Взгляд Гитлера, как часто замечали, во многом был обращен в прошлое. Не в Средневековье, как у викторианских социалистов, таких как Раскин и Уильям Моррис, он был очарован еще более отдаленными временами героических добродетелей. Сейчас все забыли, что то же самое можно сказать о Марксе и Энгельсе.

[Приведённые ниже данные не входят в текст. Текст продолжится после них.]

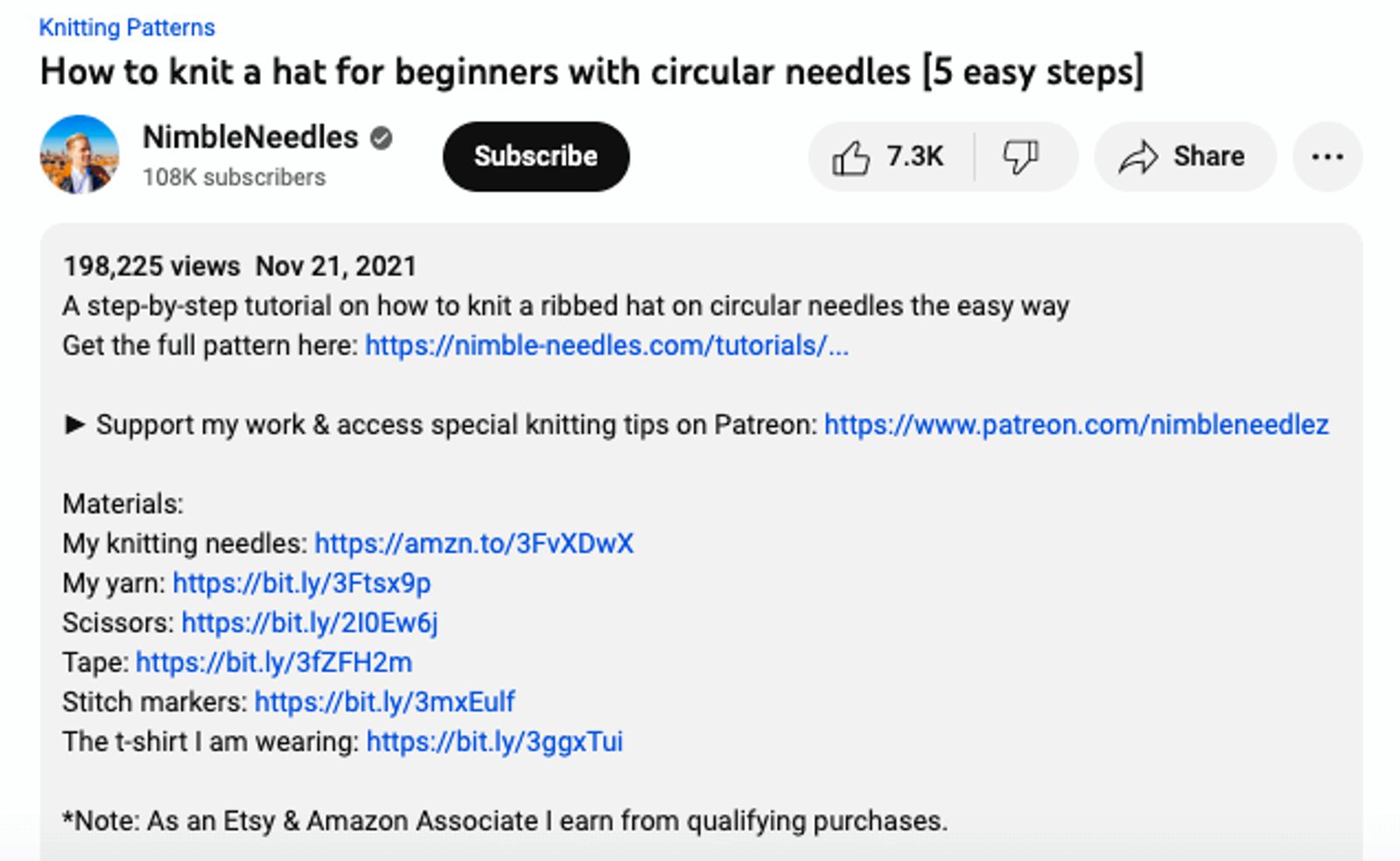 - Involved: When the affiliate promotes products they actually use and vouch for (e.g., a knitter linking to the yarn and needles they used in a YouTube video)
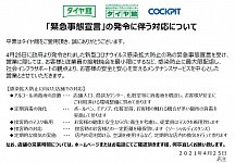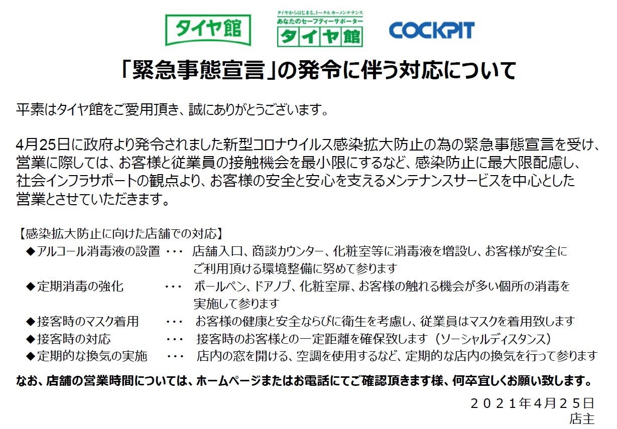 平素はタイヤ館をご愛用頂き、誠にありがとうございます。4月25日に政府より 発令されました新型コロナウイルス感染拡大防止の為の緊急事態宣言を受け、営業に際しては、お客様と従業員の接触機会を最小限にするなど、感染防止に 最大限配慮し、社会インフラサポートの観点より、お客様の安全と安...

Прежде всего речь идет о расе, которая полвека мешала национал-социализму считаться социализмом. Как сказал Ленин, у пролетариата нет родины. Но по мнению Маркса, есть расы, которые следует уничтожить. Такую точку зрения он опубликовал в своей газете Neue Rheinische Zeitung в январе-феврале 1849 г. в статье Энгельса «Борьба в Венгрии», и она поддерживалась социалистами вплоть до прихода Гитлера к власти. Поэтому можно полагать, что Освенцим – это социалистическая идея. Марксистская теория истории призывала к геноциду по причинам, скрывающимся в ее утверждении, что феодализм уже уступает место капитализму, который, в свою очередь, должен быть заменен социализмом. После пролетарской революции целые расы станут феодальными пережитками в эпоху социализма. И поскольку они не могут продвинуться сразу на два шага, их нужно уничтожить. Они – расовый мусор, как называл их Энгельс, и годятся только для навозной кучи истории.

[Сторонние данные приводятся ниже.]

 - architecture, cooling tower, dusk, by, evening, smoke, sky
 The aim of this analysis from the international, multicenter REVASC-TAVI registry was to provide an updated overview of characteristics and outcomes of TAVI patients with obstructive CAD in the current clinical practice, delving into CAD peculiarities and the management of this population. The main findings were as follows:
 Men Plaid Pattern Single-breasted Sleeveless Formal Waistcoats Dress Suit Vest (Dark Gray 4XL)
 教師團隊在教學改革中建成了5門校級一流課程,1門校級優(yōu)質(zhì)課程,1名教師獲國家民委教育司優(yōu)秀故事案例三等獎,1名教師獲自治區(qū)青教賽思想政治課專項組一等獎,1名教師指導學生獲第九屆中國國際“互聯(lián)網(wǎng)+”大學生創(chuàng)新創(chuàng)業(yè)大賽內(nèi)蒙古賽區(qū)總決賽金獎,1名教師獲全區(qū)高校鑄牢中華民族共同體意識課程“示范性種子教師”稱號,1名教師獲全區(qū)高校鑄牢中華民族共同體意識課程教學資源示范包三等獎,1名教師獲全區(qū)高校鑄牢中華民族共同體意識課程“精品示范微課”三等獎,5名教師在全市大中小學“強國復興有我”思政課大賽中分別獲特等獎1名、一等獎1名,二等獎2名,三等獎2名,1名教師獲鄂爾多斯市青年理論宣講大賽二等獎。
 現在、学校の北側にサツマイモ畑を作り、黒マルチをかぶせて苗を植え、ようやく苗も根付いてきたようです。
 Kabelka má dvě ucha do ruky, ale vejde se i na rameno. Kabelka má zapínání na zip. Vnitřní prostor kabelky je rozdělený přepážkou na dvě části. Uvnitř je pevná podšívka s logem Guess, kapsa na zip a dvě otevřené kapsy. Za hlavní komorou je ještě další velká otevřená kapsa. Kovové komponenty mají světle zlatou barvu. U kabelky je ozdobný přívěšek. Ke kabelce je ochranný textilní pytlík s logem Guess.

Эти бесчеловечные взгляды, поколением позже усиленные новой лженаукой евгеникой, к последним годам XIX столетия стали привычной частью социалистической традиции, хотя понятно, что после освобождения Освенцима в январе 1945-го социалисты постарались о них забыть. Но в произведениях Герберта Уэллса, Джека Лондона, Хэвлока Эллиса, Уэббов и других есть много доказательств того, что социалистические писатели и публицисты не боялись решительных мер. Идея этнической чистки – вполне ортодоксальный социализм на протяжении столетия и более.

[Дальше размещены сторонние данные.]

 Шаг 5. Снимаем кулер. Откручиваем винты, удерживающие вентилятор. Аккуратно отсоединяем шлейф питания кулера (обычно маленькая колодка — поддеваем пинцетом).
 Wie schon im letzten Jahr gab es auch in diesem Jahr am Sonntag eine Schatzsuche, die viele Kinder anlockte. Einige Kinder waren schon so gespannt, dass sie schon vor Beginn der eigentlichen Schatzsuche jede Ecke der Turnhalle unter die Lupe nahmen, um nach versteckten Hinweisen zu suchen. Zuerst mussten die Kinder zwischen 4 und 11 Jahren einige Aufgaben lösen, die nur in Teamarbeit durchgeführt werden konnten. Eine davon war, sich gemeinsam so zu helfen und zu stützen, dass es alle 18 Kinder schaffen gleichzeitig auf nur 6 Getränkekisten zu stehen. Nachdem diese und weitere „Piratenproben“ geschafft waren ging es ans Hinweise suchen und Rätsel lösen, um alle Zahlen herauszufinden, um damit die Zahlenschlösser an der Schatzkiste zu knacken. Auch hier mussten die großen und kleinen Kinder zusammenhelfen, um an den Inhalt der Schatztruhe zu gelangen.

Таким образом, социалистическая интеллигенция западного мира подошла к Первой мировой войне, будучи приверженной расовой чистоте и господству белых и не менее приверженной насилию. Социализм предлагал им полную свободу рук, и их лицензия на убийство включала геноцид. Например, в 1933 г. в предисловии к пьесе «На мели» Бернард Шоу публично приветствовал принципы уничтожения, которые уже принял Советский Союз. Социалисты теперь могли гордиться государством, которое наконец обнаружило мужество действовать, хотя некоторые по-прежнему считали, что такие действия надо маскировать. В 1932-м Беатрис Уэбб заметила на чайной вечеринке, что «очень плохой менеджмент» позволил группе британских визитеров в Украину увидеть на местной станции фургоны для скота, полные голодающих «врагов государства». «Смешно позволять вам видеть их, – сказала Уэбб, уже тогда выдающаяся поклонница советской системы. – Англичане всегда так сентиментальны». И добавила уверенно: «Нельзя сделать омлет, не разбив яиц». Несколько лет спустя, в 1935 г., социал-демократическое правительство Швеции начало евгеническую программу принудительной стерилизации цыган, умственно отсталых и слабых здоровьем и продолжало ее до окончания войны.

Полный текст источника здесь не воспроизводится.